Cette stratégie qui, bien que dangereuse, sous-entend une volonté de partage de l'électorat sur la base de l'appartenance religieuse, avec comme hypothèse que si Ouattara se décidait enfin à se présenter, il pourrait engranger une part substantielle de l'électorat du bastion musulman ; et cela pourrait s'avérer insuffisant pour gagner dans l'hypothèse d'une validation des autres candidatures en puissance. On le voit bien, cette veillée d'armes rappelle un passé récent qui a plongé la Côte d'Ivoire dans une longue période trouble qui ne s'est d'ailleurs pas totalement estompée. La nouveauté aujourd'hui , c'est bien l'implication du Nonce, et en faveur d'une partie des protagonistes du jeu politique.
Le message, comme on pouvait s'y attendre, a été bien décrypté par l'opposition qui, aujourd'hui, travaille à trouver un cadre concerté de lutte pour la conquête du pouvoir, aux mains du RHDP. C'est le sens qu'il faut donner à la concertation initiée le 28 janvier 2025 à Marcory par les jeunes députés et sénateurs du PDCI (dirigé par Tidjane Thiam) et du PPA-CI (de Laurent Gbagbo) .

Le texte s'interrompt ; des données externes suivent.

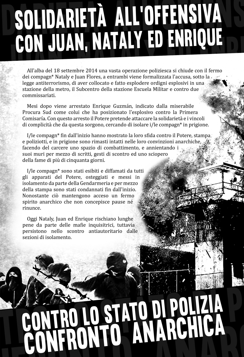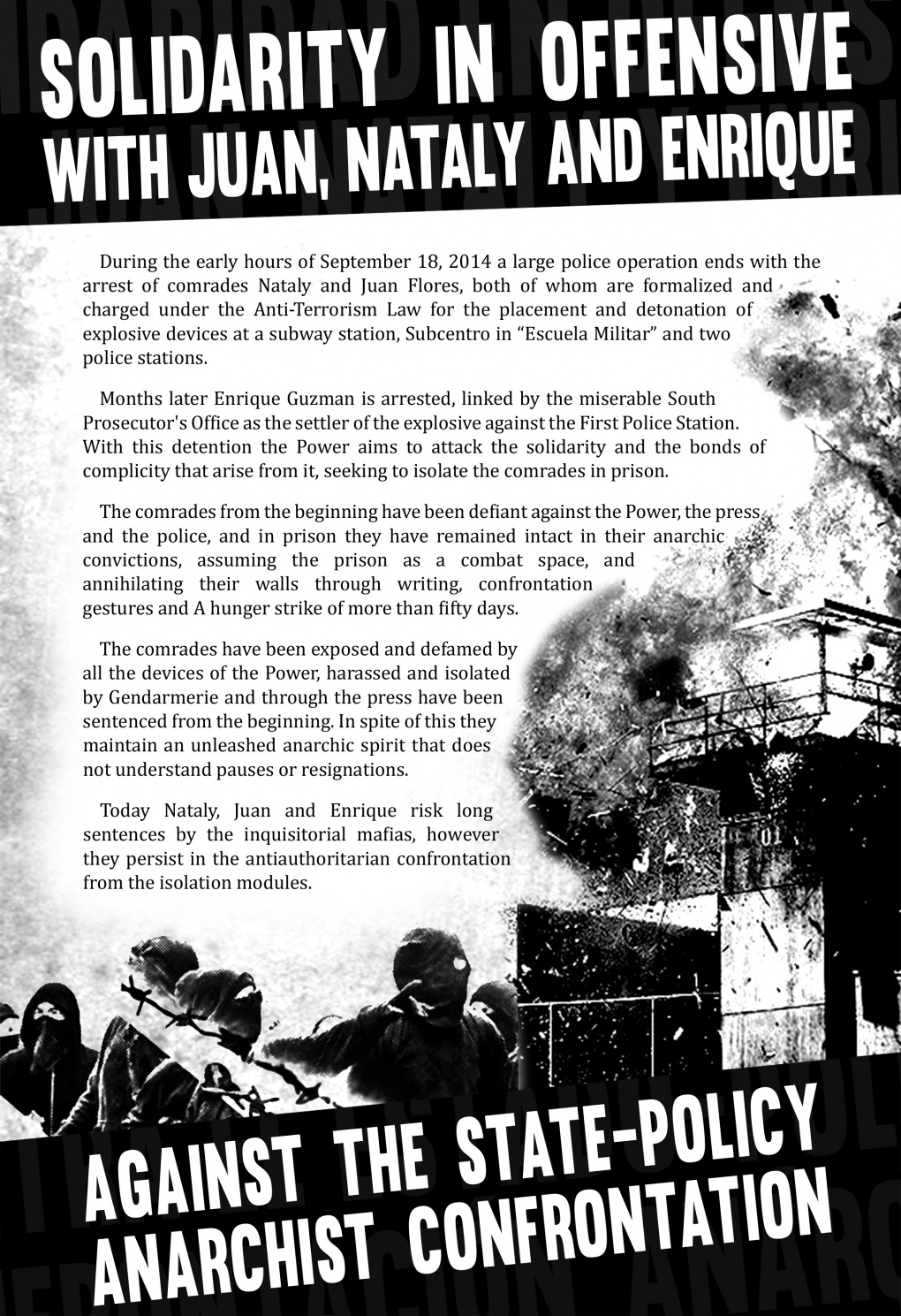 Today, Nataly, Juan and Enrique risk long sentences by the inquisatorial mafias, however they persist in the antiauthoritarian confrontation from the isolation modules.

Pour eux, « l'objectif final, c'est faire en sorte que cette année 2025, nous mettions fin à la souffrance des Ivoiriens en changeant le régime que nous avons en Côte d'Ivoire. C'est dans ce cadre que nous allons faire nos réflexions, tout en soulignant que l'initiative vient de nous-mêmes, et il est important que nous le précisions pour éviter les amalgames». Cela a le mérite d'être clair. Les jeunes poussent à la roue pour aller vers une jonction PDCI/PPA-CI. Une telle alliance, si elle se matérialisait, changerait complètement la donne politique. Octobre 2025, c'est dans Neuf (9) mois, il est vrai que d'ici là, il y a du chemin.